Выбрать главу

Женщины поздоровались и обнялись. Хозяйка предложила гостье испить кофейку, благо у них еще есть минут двадцать, та церемонно согласилась, и они вдвоем направились на кухню.

— Семейка Бебене, я тебе скажу, это тоже не подарок: бабушка, Евгения Аристарховна, по кличке Бормотуха, хоть и пенсионерка, и инвалид, а пьет, можно сказать, за троих мужиков; ее дочь, Алла Михайловна, не только пьет, но еще и блудит, мы ее до сих пор не можем направить на лечение от сифилиса; а сын Аллы, Ярослав, которому сейчас шесть лет, вообще нигде не фигурирует после роддома. Представляешь себе? — выпуклые глаза Ларисы остановились на Ваниных брюках, как оказалось опрометчиво оставленных им вчера на кухне. — То есть мальчик до сих пор нигде не зарегистрирован, как бы мертвая душа, только наоборот: он есть, но тому нет пока что никаких вещественных доказательств ни в жилконторе, ни в поликлинике, ни в РОНО!

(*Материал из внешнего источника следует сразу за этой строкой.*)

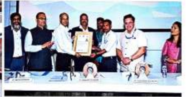
पुणे जिल्हा निवडणूक आयोगाकडून मतदार नोंदणी बद्दल महाविद्यालयास पारितोषिक
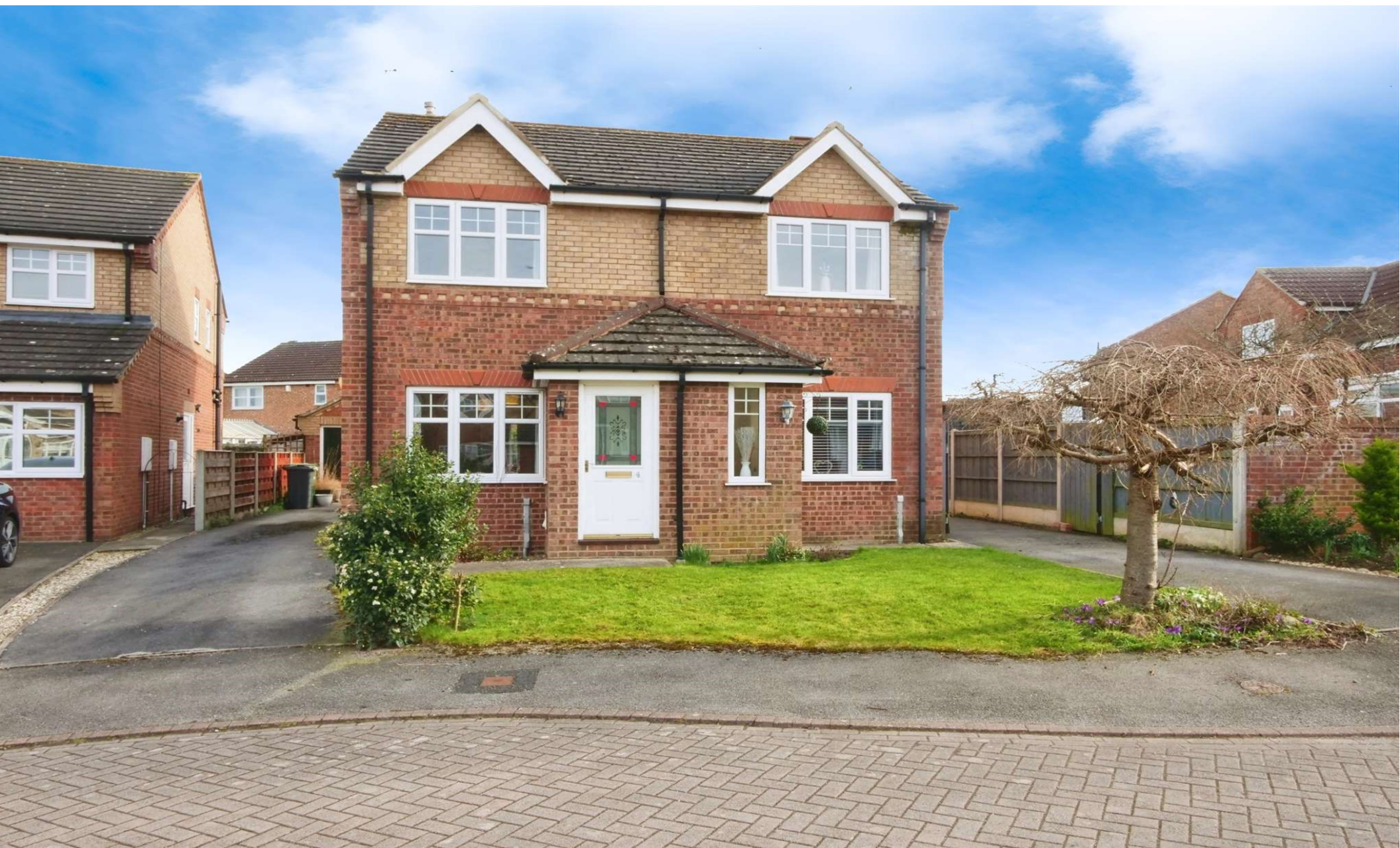
Pulley Close, Strensall YORK YO32 5ZS
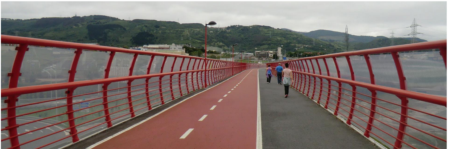
pedestrian bridge with composite steel-concrete structure deck
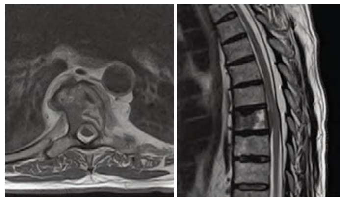
FIGURE 1 Magnetic-resonance imaging of the spine with contrast. Left, axial T1 weighted; Right, sagittal T2 weighted.

Given the diagnosis of APL, the patient was urgently admitted to the hospital to begin treatment with ATRA and chemotherapy. Induction was started with idarubicin 12 mg/m 2 (days 2, 4, 6, 8) and ATRA (AIDA regimen). 10 His course was complicated by differentiation syndrome responsive to steroids, E. coli sepsis, C. difficile colitis, and presumed fungal pneumonia. He did not experience any coagulopathic complications. A repeat bone marrow biopsy after induction demonstrated a normocellular marrow with no morphologic evidence of residual APL. A positron-emission tomography-computed-tomography scan performed to evaluate his T7 lesion was negative. Given his normal white blood cell and platelet counts at presentation, the patient was stratified as low risk, despite his extramedul-

— Лара, да чем ты меня сейчас удивишь?! Мне тут вообще одну историю рассказывали: не знаю, может быть, это и выдумка, а может быть, из какого-нибудь учебника, но суть в том, что у одной бабули из-за нелеченого или плохо леченного Льюиса прогнил лоб в районе переносицы, — Софья не сразу угадала направление взгляда инспектора по опеке, а отследив его, постаралась не выдать своего тотчас нахлынувшего волнения, которое наверняка все-таки предательски залило ее лицо красным румянцем, участило дыхание и, конечно, сделало речь прерывистой и несколько поспешной. — Так вот, эта бабуля якобы по утрам затыкала дыру в черепе картофелиной, а на ночь свой овощ вынимала. Веришь?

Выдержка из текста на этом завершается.